My Tx is very large compared to my Rx. I have tested their inductance with a LCR meter.
The Tx has inductance 16.7micro H and the the Rx has 1.4micro H. I’m choosing a resonant frequency of 400kHz. That’s because the capacitors for the WPT I have available are .01micro F for the Tx and .1micro F for the Rx.
All I have are the capacitors and the coils with wire soldered on. My university has a wave form generator and a NVA machine where some one will help me test WPT.
I was going to place the .01micro F in series with my Tx. The .1micro F in parallel with the Rx. Maybe a bread board for the Tx and directly solder the parallel cap to my Rx. I’m not sure about resistors at all…
My question is, I’ve never done anything like this. Is this the best way about building this simple circuit. I’m so worried my school is going to allow me in for one day and I’m going to come unprepared and not get any WPT or made a mistake somewhere. Any suggestion to actually building the resonant circuit. Also I know my Rx is very small and very then(I think 18micro meters), however in Maxwell software in ANYSYS, I have power transfer of like 80% at 70mm+(Also the simulation came up with slightly different inductance values but it was close). If I can get anything like that in the lab I will be so happy. Please any help of suggestions for building this circuit.

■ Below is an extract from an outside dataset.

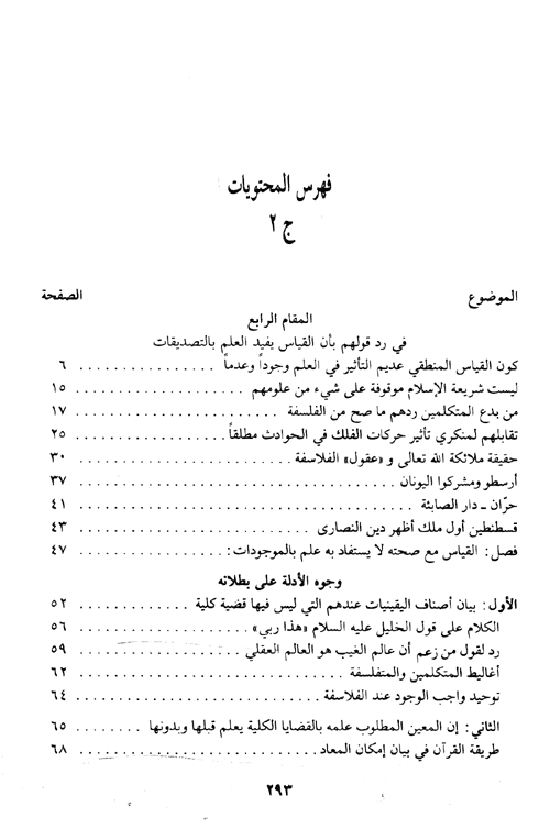 نبذة نيل وفرات:مما لا شك فيه أن الإمام "ابن تيمية" كان بحراً واسعاً لا ينضب معينه ولا تتوقف قريحته، لقد خيّر الشيخ الألباب وبالوقت عينه أثلج الأفئدة، شدّد النكير على الفرق بمثل ما تشدد في مذهبه، وهو في منهجه وعطائه ترك جمعاً من المصنفات في شتى العلوم، ومن بينها كانت رائعته ...التي جمعها في هذا الكتاب "الرد على المنطقيين" والذي تميز فيه ابن تيمية في منهجية بحثه: وفيه يبين أن كثيرا مما ذكره الفلاسفة اليونان في أصولهم في الإلهيات وفي المنطق هو من أصول فساد قولهم في الإلهيات، مثل ما ذكروه من تركب "الماهيات" من الصفات التي سموها "ذاتيات" ومما ذكروه في حصر طرق العلم فيما ذكروه من "الحدود والأقيسة البرهانيات"، بل فيما ذكروه من الحدود التي بها تعرف التطورات، بل ما ذكروه من صور "القياس" وموادة "اليقينيات" فكان أن رد عليهم في كتابه هذا من خلال بحثين رئيسيين: بحث الحد والتصور، وبحث القياس والتصديق، ويصب ابن تيمية مقامين للحد و التصور ومقامين للقياس والتصديق، فضم كل مبحث مقامين بحسب ما سماهما الإمام، إذ ُجمع الكتاب على أربعة مقامات: المقام الأول التصور المطلوب لا ينال إلا بالحد، فنقد هذا القول واعتبره سالباً، المقام الثاني: الحد يفيد العلوم بالتصورات، وهذا القول إيجابي أبدى به رأيه، المقام الثالث: التصديق المطلوب لا ينال إلا بالقياس، فنقد هذا القول أيضاً، المقام الرابع: القياس يقيد العلم بالتصديقات واعتبر القول إيجابياً، هذا وقد جاء الكتاب محققاً وقد تجلى ذلك بـ إعادة ضبط آيات القرآن الكريم وإسنادها في الحاشية مع حصرها في المتن، إعادة ضبط الفرق والأعلام والأماكن، تصويب الأخطاء الواردة في متن النص، هذا وقد عني المحقق بوضع فهرس للمصطلحات المنطقية، وفهرس للأعلام والفرق والأماكن، إلى جانب فهرس موضوعات الكتاب. إقرأ المزيد

You say that this is a simple circuit, but it is not. Both coils affect each other (mutual inductance) and the resonant frequency heavily depends on the source and load impedances.
But there exists a lot of know-how in the RFID domain which you can learn from, because RFID seeks the same design goals.
Ok, if your RX coil is much smaller than your TX coil, then you can probably ignore the RX coil first and tune the TX coil for max. magnetic field intensity which is max. coil current.
Assume your TX circuit is a resistive driver (e.g. 50 Ohms) and your TX coil circuit is a parallel resonant LC tank. Then you need to tune the tank not for resonance, but for 50 ohms impedance near resonance, which is the point of max. power transfer from source to TX coil for a given frequency.
In practice, you do not calculate this but you measure and search for max. coil current when slowly varying the capacitor value.